* **Directions for this task**
Leave out the pictures and set down the rest of the listing below word for word.

* **Given information**
⁂

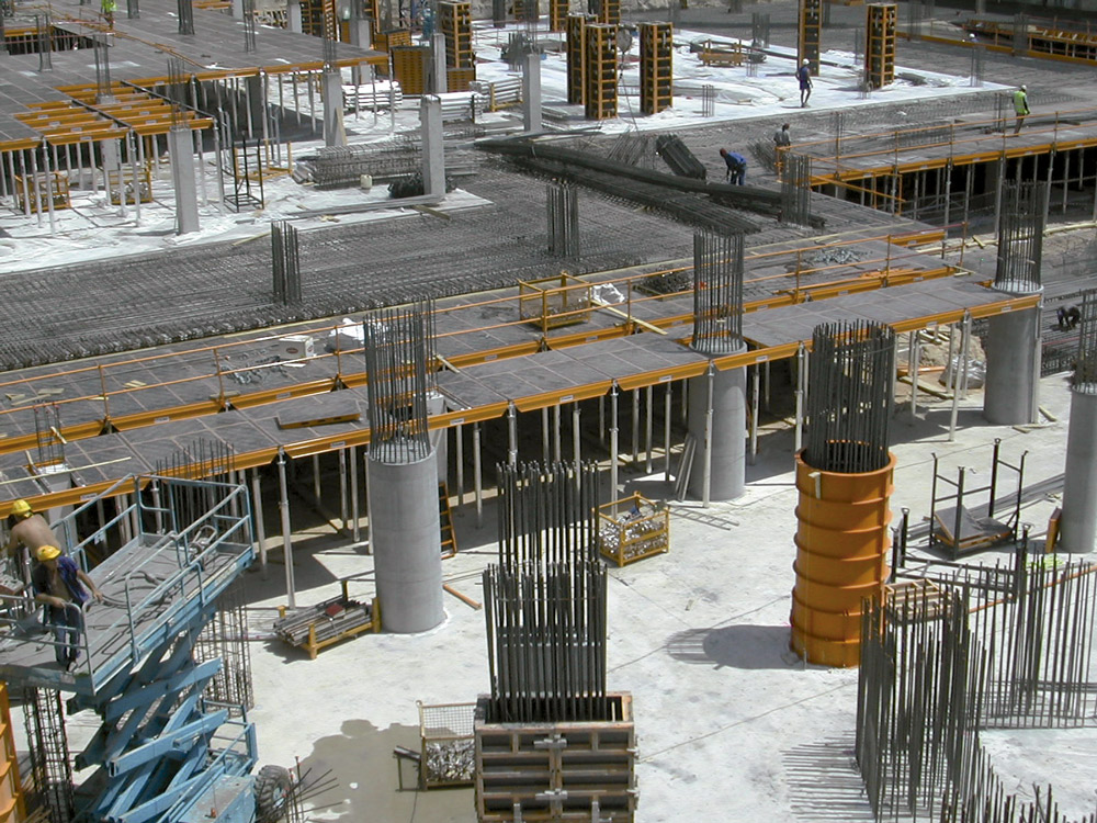 The 6 underground floors and the first 6 floors above ground level were completed with CC-4 aluminum horizontal formwork, along with the ALUPROP Prop, with which high construction performance was obtained. One of the most important advantages that the CC-4 provides, compared to other products on the market, is the possibility of first assembling the grid and then placing the panels.
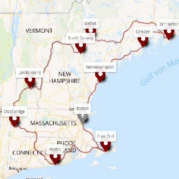Begleiten Sie uns auf einer unvergesslichen Entdeckungsreise durch Neuengland! Von der reichen Geschichte und pulsierenden Kultur von Boston bis zu den malerischen Küstenstädten, majestätischen Bergen und idyllischen Kleinstädten, die sich entlang der Route erstrecken, erwartet Sie eine Vielfalt an unvergesslichen Erlebnissen. Tauchen Sie ein in die charmante Atmosphäre von Kennebunkport, ...
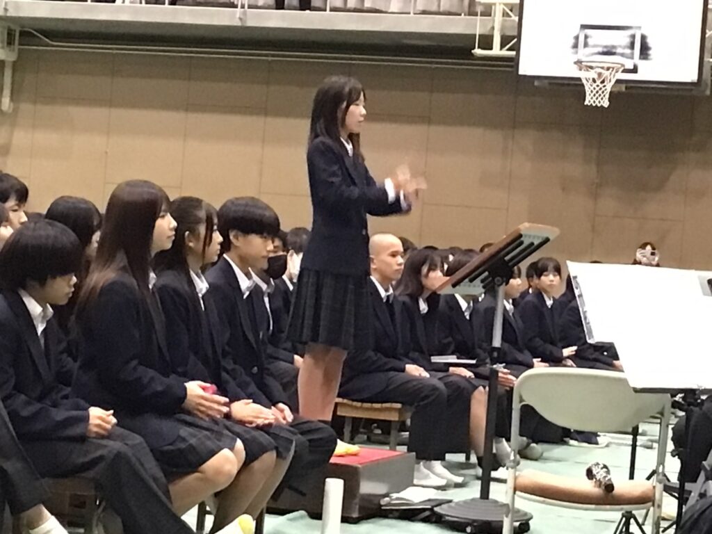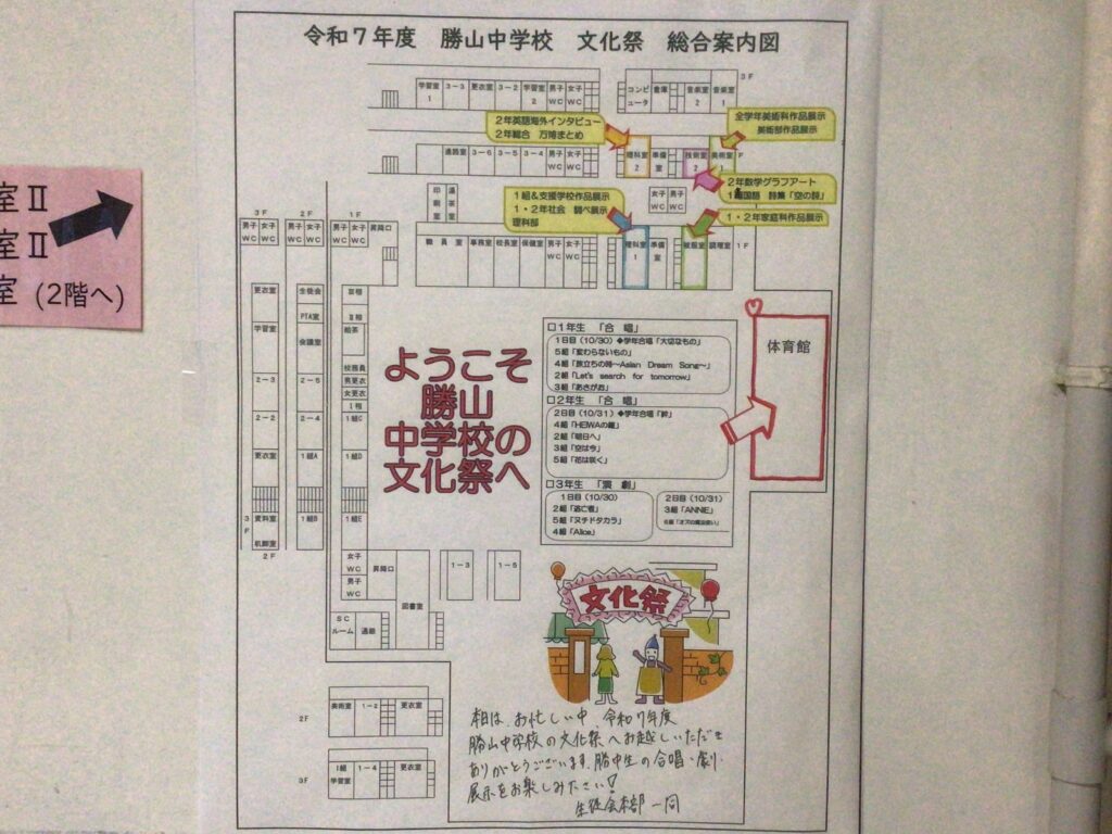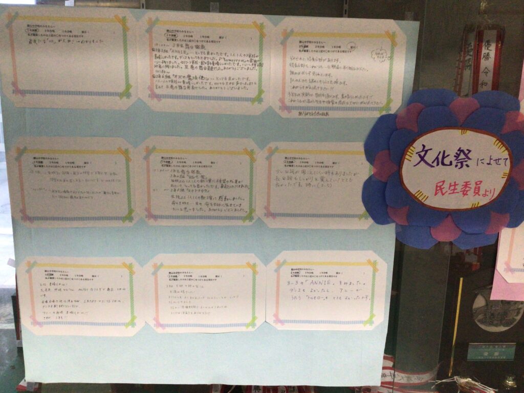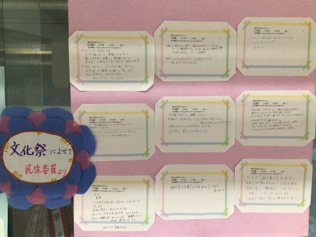 2日間にわたる文化祭では、美術部・理科部の頑張りも随所に見られました。 また、向日が丘支援学校の生徒のみなさんからの作品も本校の教科や総合的な学習の 作品と一緒に展示させていただきました。 2日目の午後からの吹奏楽部による発表では、部員のかわいいダンスに、 ゲスト指揮者(!?)の登場もあり、演奏者と観客が一体化して大いに盛り上がりました。 なお、二日間にわたって文化祭を見に来ていただいた民生委員さんによる 勝中生への嬉しいメッセージも頂戴しております。 お忙しい中、ご来校いただきありがとうございました。

⁂

* **Expected answer**
 The 6 underground floors and the first 6 floors above ground level were completed with CC-4 aluminum horizontal formwork, along with the ALUPROP Prop, with which high construction performance was obtained. One of the most important advantages that the CC-4 provides, compared to other products on the market, is the possibility of first assembling the grid and then placing the panels.
Begleiten Sie uns auf einer unvergesslichen Entdeckungsreise durch Neuengland! Von der reichen Geschichte und pulsierenden Kultur von Boston bis zu den malerischen Küstenstädten, majestätischen Bergen und idyllischen Kleinstädten, die sich entlang der Route erstrecken, erwartet Sie eine Vielfalt an unvergesslichen Erlebnissen. Tauchen Sie ein in die charmante Atmosphäre von Kennebunkport, ...
 2日間にわたる文化祭では、美術部・理科部の頑張りも随所に見られました。 また、向日が丘支援学校の生徒のみなさんからの作品も本校の教科や総合的な学習の 作品と一緒に展示させていただきました。 2日目の午後からの吹奏楽部による発表では、部員のかわいいダンスに、 ゲスト指揮者(!?)の登場もあり、演奏者と観客が一体化して大いに盛り上がりました。 なお、二日間にわたって文化祭を見に来ていただいた民生委員さんによる 勝中生への嬉しいメッセージも頂戴しております。 お忙しい中、ご来校いただきありがとうございました。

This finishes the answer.